The Tenth Schedule of the Constitution of India deals with Anti-defection Law. The anti-defection law sought to prevent political defections which may happen due to reward of office or other similar considerations[1]. The Tenth schedule was inserted in the Indian Constitution in the year 1985 by the 52nd Amendment. It postulates the process in which a member of a house, be it the Parliament or the State Legislative Assembly, may be disqualified on the grounds of defection by the speaker of the respective house. Defection in politics can be defined as an action of defecting or leaving one political party to join other the party.
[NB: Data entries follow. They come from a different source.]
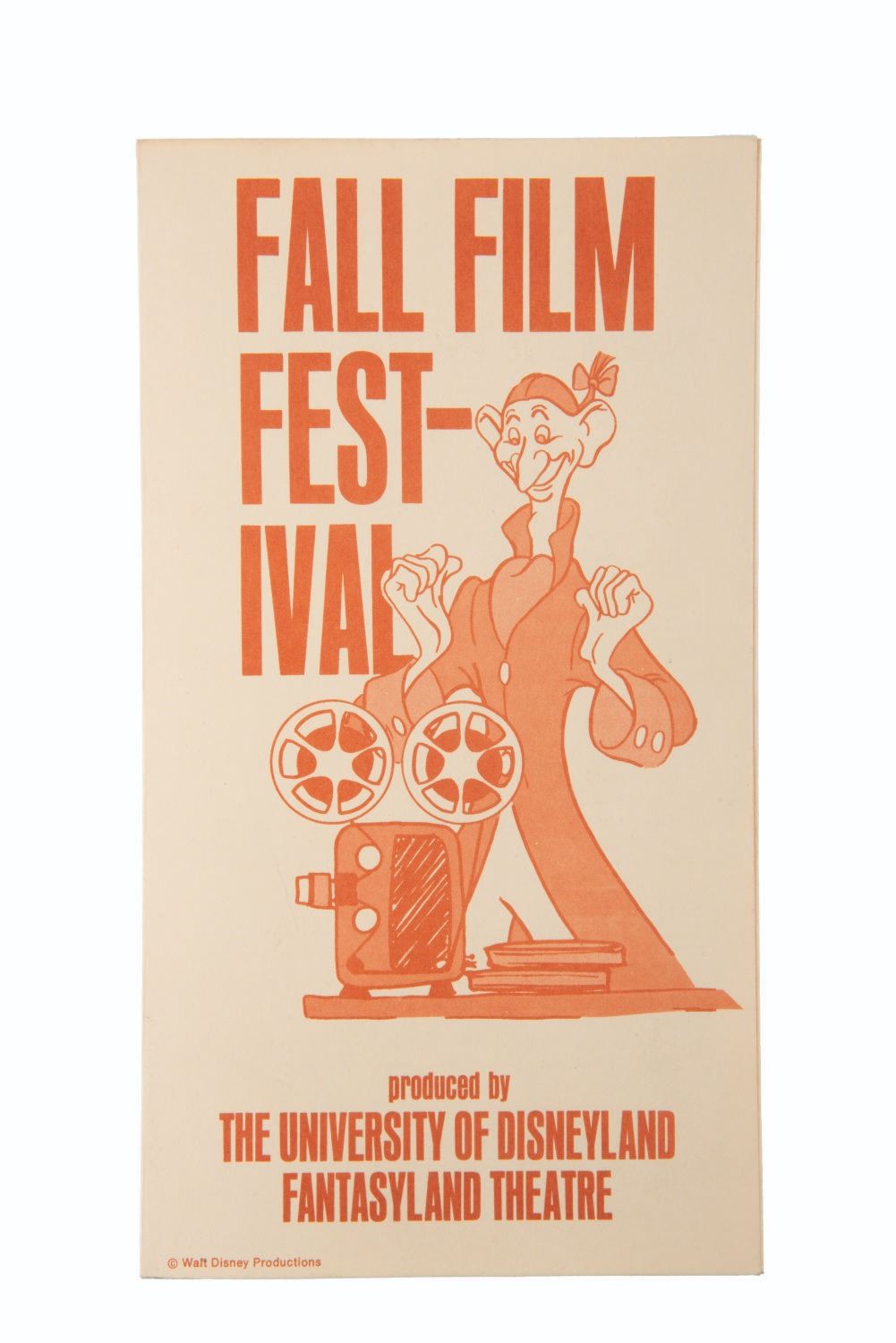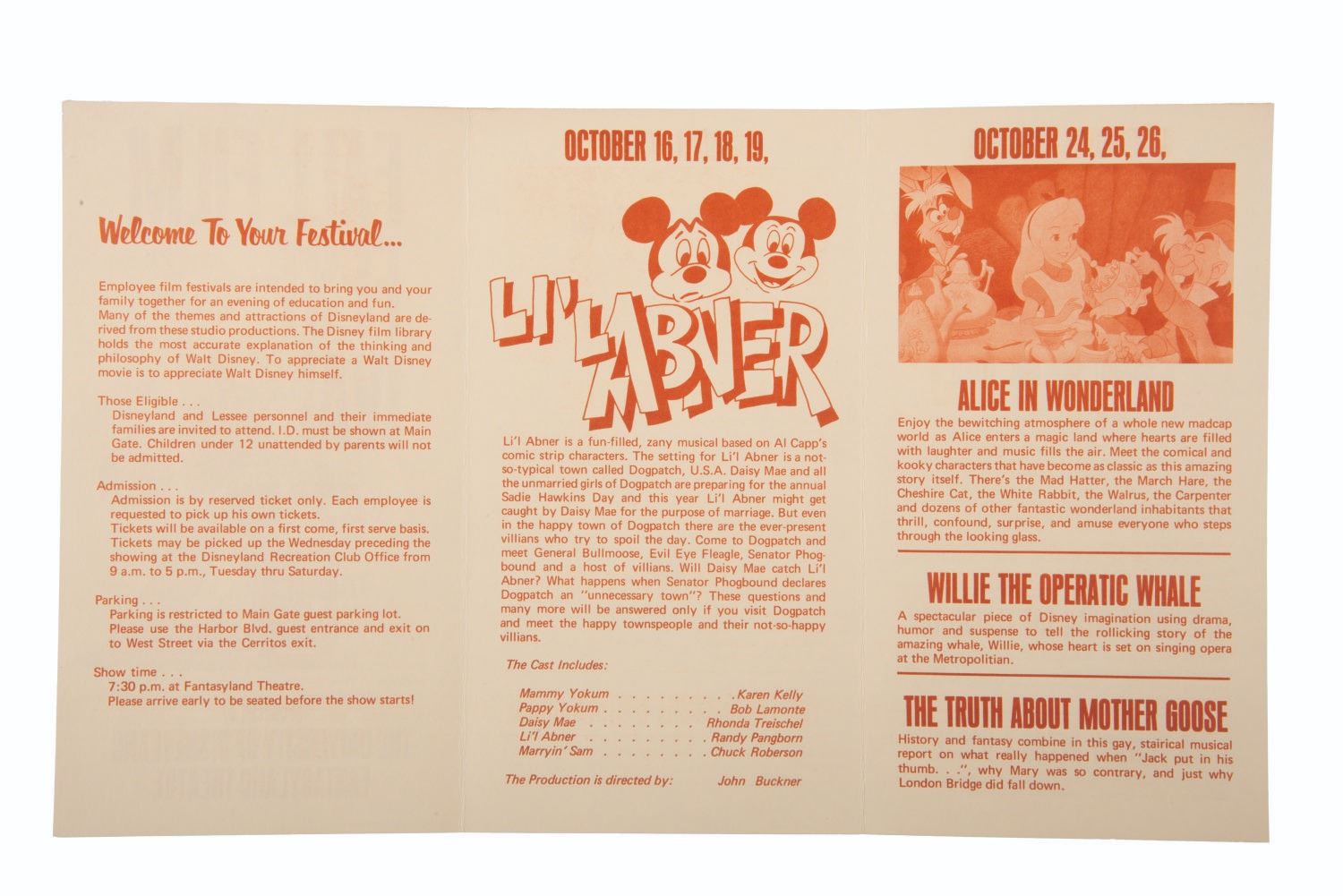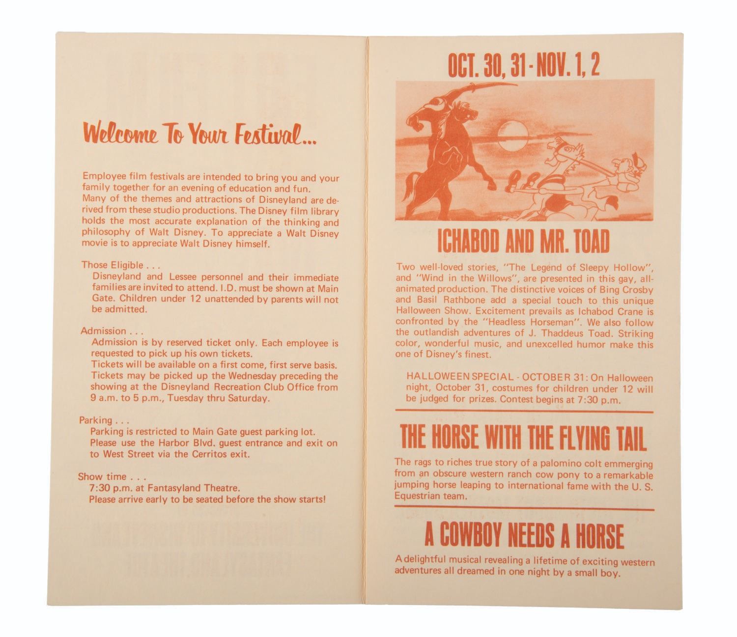 (Disneyland, 1970s-80s) A Fall Film Festival Brochure, from the Disneyland University for Cast Members. Films include “The Adventures of Ichabod and Mr. Toad,” “Li’l Abner,” and “Alice in Wonderland.” Measuring 8.5” x 4.5” the brochure is in fine condition with a spot of discolorationon the back.
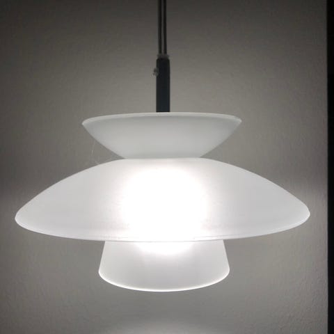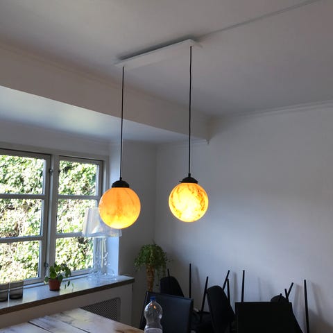 Pæn lampe, beklædt med sort stof og plastafdækning i bunden, som gør, at lyset ikke blænder.
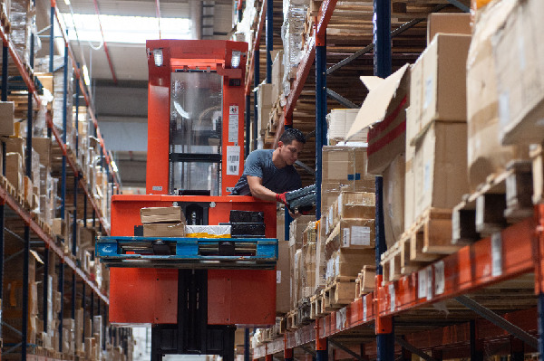 工作人員在西班牙阿爾卡拉千象盒子物流倉內(nèi)工作。

Provisions of the Tenth Schedule can be invoked on any legislator of both Parliament and State Legislative Assembly, if:

1. The member voluntarily, gives the membership of the Party or

2. The member does not vote or vote against the Party’s order in the concerned house.

The Rajasthan Political Crisis 

So now that we know what the Anti-Defection Law is, the crisis can be explained in a much better way. The crisis started when around 19 MLA’s of the Congress Party started a rebellion against the C.M of Rajasthan, Ashok Gehlot. As a result, the Speaker of the Legislative Assembly sent a notice of disqualification to the 19 MLA’s. One of the MLA’s named Prithviraj Meena, on behalf of all the 19 MLA’s, moved to the High Court of Rajasthan challenging the disqualification notice.

The High Court Drama 

The disqualification notice was challenged inter- alia on the ground that it is contrary to the mandate of Clause 2(1)(a) of the Tenth Schedule of the Indian Constitution. Clause 2(1)(a) which is relevant for the instant purpose, envisages that:

2. Disqualification on ground of defection.—(1) Subject to the provisions of 3 [paragraphs 4 and 5]; a member of a House belonging to any political party shall be disqualified for being a member of the House—

(a) if he has voluntarily given up his membership of such political party.

This being a ground for disqualification, it was challenged by the MLA’s that a mere disagreement or dissatisfaction against the party or its leadership can’t be a ground for invoking this clause for disqualifying them of their membership.

The petitioners also challenged the vires of the clause 2(1)(a) of the Tenth schedule as, according to them, it violates the fundamental right of speech and expression guaranteed under Article 19(1).

Interpreting the Clause 2(1)(a) 

In Ravi S. Naik vs. UOI[2], the Supreme Court while interpreting the phrase ‘Voluntarily gives up his membership’ held that these words does not merely confine to ‘resignation’, but have a wider connotation or meaning. A member may voluntarily give up his membership of a political party even though he has not formally resigned from the membership of that party. Even in the absence of a formal resignation, a conclusion can be drawn by the conduct of that member that he has given up the membership of the party.

In G.Viswanathan Vs. The Hon’ble Speaker, Tamil Nadu Legislative Assembly[3] the Supreme Court held that the members of the party who publicly supported another political party or even showed disagreement and opposed their own party, were deemed to have resigned under this clause.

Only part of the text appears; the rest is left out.